You are viewing a plain text version of this content. The canonical link for it is here.
Posted to dev@samza.apache.org by Bhavesh Mistry <mi...@gmail.com> on 2014/07/17 03:28:53 UTC

Samza Use Case

Hi Dev Team,

I have attended recent Kafka Conference at LinkedIn Headquarter and you
guys were doing something similar to what we are doing "Aggregated Call
Graph across Many Web Requests" per Some interval.

We have Transaction Logging API Similar ( Think of it as Graph which stitch
logs across many servers similar to
http://devopsdotcom.files.wordpress.com/2012/11/screen-shot-2012-11-11-at-10-06-39-am.png
and we have view similar to Network Tab in Chrome Inspect (call graph).

We use end to end Kafka as Data Pipeline included Producer
=>Brokers=>MM=>Brokers=>(Camus Job HDFS ).  With Our transaction logs, we
wanted to aggregate metrics(std,min,max, 1 to 99 percentile) etc across
many Web Request.   The person on Conf were taking about using Samza for
doing this I just wanted to understand what is Back-end Storage and
near-real time storage for this graph call and how Samza is better than
Stream Processor such as Mupd8, and Storm.

I would appropriate if you can share your experience...


Thanks,

Bhavesh

Re: Samza Use Case

Posted by Chris Riccomini <cr...@linkedin.com.INVALID>.
Hey Bhavesh,

The most useful feature for use case is going to be state management.
You'll need to store events in some state store as the events come in, if
you wish to calculate windowed metrics like 99th percentile, min, max,
etc. This usually requires a lot of space if your requests are
high-volume. Using Samza's state management feature, you can store this
data in a local LevelDB store, and calculate your aggregates periodically.

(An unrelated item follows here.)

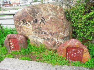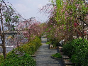 三条大橋の東詰南に「花の回廊(はな-の-かいろう)」の碑がある。 平安京遷都1200年(1997)を契機として行なわれた「京の川づくり」では、鴨川三条と七条間の散策路が整備された。 1987年、鴨川三条と七条間を走っていた京阪電車と琵琶湖疏水が地下化された。この改修工事により、戦前からの念願であった鴨川河道の拡幅改修も実現している。その後、京都府と京都市は、三条から七条間の鴨川東岸で「花の回廊」整備事業(1992-1999)を完成させた。 鴨川に沿う川端通の西には、公募された和歌や俳句の石碑が建てられている。 花の回廊には、シダレザクラを初め、モミジ、ヤナギ、ユキヤナギ、コムラサキシキブ、ツツジ、ドウダンツツジ、ヤマブキなどの樹木が植栽され、それまで植えられていた樹木も生かされた、四季を通じて草花が楽しめる新しい散歩道が生まれた。 「花の回廊」では、毎年4月初旬(2007年は4月7日、8日)に、「鴨川さくらまつり」が催されている。鴨川河川敷の東岸(四条大橋-三条大橋間)にはサクラ50本が植えられており、期間にはサクラ並木がライトアップされる。対岸の西岸には「花灯路」が灯される。 *参考文献・資料 ![]() ![]() ![]() ![]() ![]() ![]() ![]() |
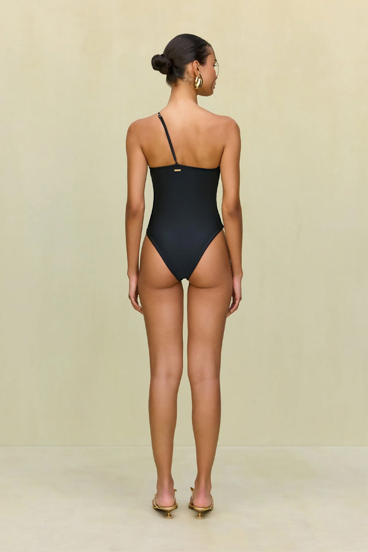 An asymmetrical one piece featuring flattering cutouts and an abstract gold-toned hardware detail at the front. The shimmer tricot fabric and double lining offer a sleek silhouette, while the artistic design adds a bold, statement-making touch to your swimwear collection.

The full flow for the aggregated call graph topology looks like this:

1. Web services send logs (<service-name>-log_event) and service call
(<service-name>-service_call) metrics to Kafka broker.
2. These topics are mirrored to a non-production colo.
3. A "repartitioner" Samza job reads all of these topics, and emits the
events back out again to two topics: all-service-calls, all-log-events.
The "repartitioner" job emits these messages partitioned by their "page
key", which is a key unique to a single page load. Thus, all messages for
a single page load are written into a single partition for both the
all-service-calls and all-log-events topics.
4. A "aggregator" job reads the all-* topics, and buffers the events for a
period of time. After a configurable period of time (I think we use a
minute or two), we group all events by their page keys, and emit one
message per page key, where the format is something like page-key => {
service-calls: [ {...} ], log-events: [ {...} ] }. All of these messages
are then sent to a downstream topic assembled-call-graphs.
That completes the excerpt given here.